> MATERIAL PROVIDED:

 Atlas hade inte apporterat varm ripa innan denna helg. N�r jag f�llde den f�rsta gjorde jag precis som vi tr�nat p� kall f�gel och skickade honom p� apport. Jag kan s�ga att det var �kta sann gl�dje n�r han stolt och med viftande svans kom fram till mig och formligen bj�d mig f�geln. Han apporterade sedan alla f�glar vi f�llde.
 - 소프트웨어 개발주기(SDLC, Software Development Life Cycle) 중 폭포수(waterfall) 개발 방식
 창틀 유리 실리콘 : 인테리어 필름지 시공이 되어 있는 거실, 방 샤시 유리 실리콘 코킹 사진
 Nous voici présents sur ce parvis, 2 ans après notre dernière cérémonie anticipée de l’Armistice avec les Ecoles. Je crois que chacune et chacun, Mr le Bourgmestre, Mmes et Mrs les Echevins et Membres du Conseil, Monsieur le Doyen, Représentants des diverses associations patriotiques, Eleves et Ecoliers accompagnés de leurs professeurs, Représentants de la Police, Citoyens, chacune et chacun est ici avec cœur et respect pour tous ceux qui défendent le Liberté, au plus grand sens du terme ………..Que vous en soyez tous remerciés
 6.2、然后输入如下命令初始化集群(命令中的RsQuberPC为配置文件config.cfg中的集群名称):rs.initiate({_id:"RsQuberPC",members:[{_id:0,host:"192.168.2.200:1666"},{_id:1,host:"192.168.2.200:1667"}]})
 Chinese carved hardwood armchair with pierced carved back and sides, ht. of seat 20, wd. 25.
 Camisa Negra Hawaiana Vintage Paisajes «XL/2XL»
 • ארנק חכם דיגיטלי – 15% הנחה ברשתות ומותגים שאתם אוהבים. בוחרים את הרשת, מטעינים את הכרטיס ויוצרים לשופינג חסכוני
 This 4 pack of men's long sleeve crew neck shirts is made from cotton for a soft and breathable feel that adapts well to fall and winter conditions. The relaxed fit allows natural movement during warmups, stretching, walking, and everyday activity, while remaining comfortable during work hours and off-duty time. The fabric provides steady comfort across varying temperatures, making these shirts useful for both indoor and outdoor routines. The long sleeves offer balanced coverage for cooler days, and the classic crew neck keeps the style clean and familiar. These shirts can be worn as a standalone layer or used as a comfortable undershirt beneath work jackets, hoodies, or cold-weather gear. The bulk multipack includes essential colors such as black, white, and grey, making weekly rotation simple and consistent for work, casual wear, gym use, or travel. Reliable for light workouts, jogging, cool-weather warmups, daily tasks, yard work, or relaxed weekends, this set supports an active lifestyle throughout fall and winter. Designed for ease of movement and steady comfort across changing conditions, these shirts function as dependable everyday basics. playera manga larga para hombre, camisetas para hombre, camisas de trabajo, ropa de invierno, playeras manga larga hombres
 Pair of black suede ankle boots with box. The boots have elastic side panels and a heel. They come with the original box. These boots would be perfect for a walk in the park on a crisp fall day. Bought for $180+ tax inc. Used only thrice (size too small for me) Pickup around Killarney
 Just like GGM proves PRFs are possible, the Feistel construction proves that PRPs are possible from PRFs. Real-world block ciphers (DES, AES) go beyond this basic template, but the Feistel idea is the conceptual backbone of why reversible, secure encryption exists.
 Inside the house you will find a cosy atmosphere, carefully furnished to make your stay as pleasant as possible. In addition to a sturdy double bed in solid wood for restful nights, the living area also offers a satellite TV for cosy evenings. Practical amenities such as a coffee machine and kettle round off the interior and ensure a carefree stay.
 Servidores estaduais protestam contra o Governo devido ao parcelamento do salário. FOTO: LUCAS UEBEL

> YOUR INSTRUCTIONS: Your answer should consist of each line of the data above in which the word "with" occurs.

> RESULT:
 Chinese carved hardwood armchair with pierced carved back and sides, ht. of seat 20, wd. 25.
 Pair of black suede ankle boots with box. The boots have elastic side panels and a heel. They come with the original box. These boots would be perfect for a walk in the park on a crisp fall day. Bought for $180+ tax inc. Used only thrice (size too small for me) Pickup around Killarney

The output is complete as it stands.